All of Volkswagen's hard work over many decades has got the brand to the point where it can command premium prices for most models in Britain. The Golf is no exception. The range now starts at £16,285 and for that you get an 85PS 1.2 in S trim, while the top-spec GT 2.0 TDI costs £24,880. As ever, the five-door bodystyle in middle SE model grade is expected to be the most popular.
Pricey it might be compared to some rivals but you get a lot more for your money compared to the Mark VI series. That includes a 5.8 inch colour touch screen (an eight inch display for the SatNav is optional), ABS and ESP which are compulsory in European markets, seven airbags, Automatic Post-Collision Braking System (to prevent the car rolling downhill towards another collision) and an electronic differential lock which VW terms XDS.
The new Golf is 56mm longer and 13mm wider, while the boot gains another 30 litres of cubic capacity, taking it to 380l. A colleague who is six foot two made himself comfortable at the wheel while I, four inches less lanky, positioned myself in the back. The amount of room for rear passengers is like being in Business Class and me, who has always thought of C-segment models as too small to be used as family cars, has finally found one that truly is. I suspect all this means that the next Passat, due out later this year, will become similarly sized to the Mondeo, the current giant of the D segment.
I tried out the optional Park Assist and can report that it works far better than older generation technology, such as you might find in something like the more expensive Skoda Superb. If you're someone who worries about getting parked in, fret no more, for Volkswagen's new system will twirl the wheel to guide you out of the tightest spots – just as for getting into any space, you do need to operate the pedals and shift the gears. An arrow between the instruments tells you when it's safe to move forwards or backwards and a series of beeps warns you when to stop. I can see many people buying a Golf for this feature alone.
This car is infuriatingly difficult to fault. Every control you touch or press is well-weighted, the instrumentation is clear, and the steering has just the right amount of precision in it but somehow also prevents the worst of the potholed winter roads from kicking back. A few hours driving this car – and I tried the 1.6 diesel as well as the 1.4 TSI which are expected to be the top sellers – made me see just why so many owners keep coming back to trade up for the latest model. If it's possible for a car to have been so thoroughly engineered that it gives you a constant sense of well being, then I've now driven it.

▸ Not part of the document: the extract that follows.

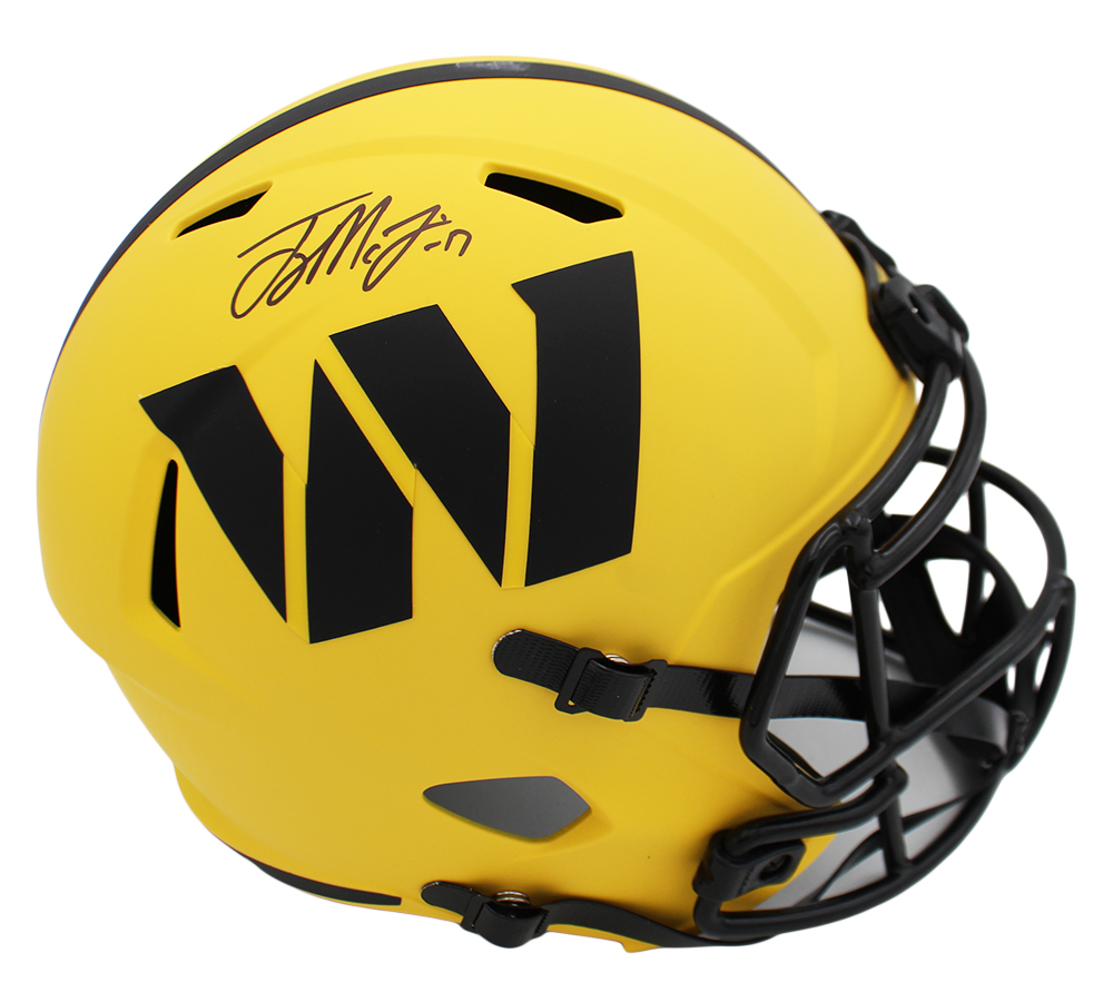 A Washington Commanders Speed Replica Rave NFL Helmet hand signed by Terry McLaurin. The item and signature are in excellent condition. McLaurin is a wide receiver for the Washington Commanders (NFL). He played college football for the Ohio State Buckeyes and was selected by Washington in the third round of the 2019 NFL draft. In 2024, McLaurin set the team record for most touchdown catches in a season with 13 and earned second-team All-Pro honors. AUTHENTICATION: The item has been tagged with a Beckett Serial Numbered and Databased Hologram. ***Radtke Sports uses professional lighting for their product images that may show reflections. ***

Golf production: MQB goes global
While most of the new VW370 series Golfs to be sold in Europe will be sourced from the giant Wolfsburg complex, the car will also be made in China by FAW Volkswagen at the new Foshan plant in Guangdong province. This factory has been constructed especially for MQB platform cars and is likely to build the forthcoming Audi A3 sedan and, possibly, the new SEAT León too.
The Puebla plant in Mexico should begin building North America's next Golf and Volkswagen GTI from 2014, and as a replacement for the fourth generation car, still made in Brazil, is well overdue, don't be surprised to see the new Mark VII model entering production at São José dos Pinhais (Curitiba).
More Golf derivatives to come
Back in Europe, there are more Golf variants in the pipeline: the estate has just been confirmed for a debut at the Geneva show in March, to be followed by the 88.3mpg and 85g/km BlueMotion, the GTI, as well as a GTD high performance diesel. The GTI will again be powered by a 200PS 2.0-litre turbo engine but a 10PS upgrade will be available, as will VAQ, a mechanically-locking front diff. I asked about the replacement for the Golf Plus and was told that we won't see that model until 2014, the same year as the first plug-in Golf, the Blue-e-Motion, is set to appear.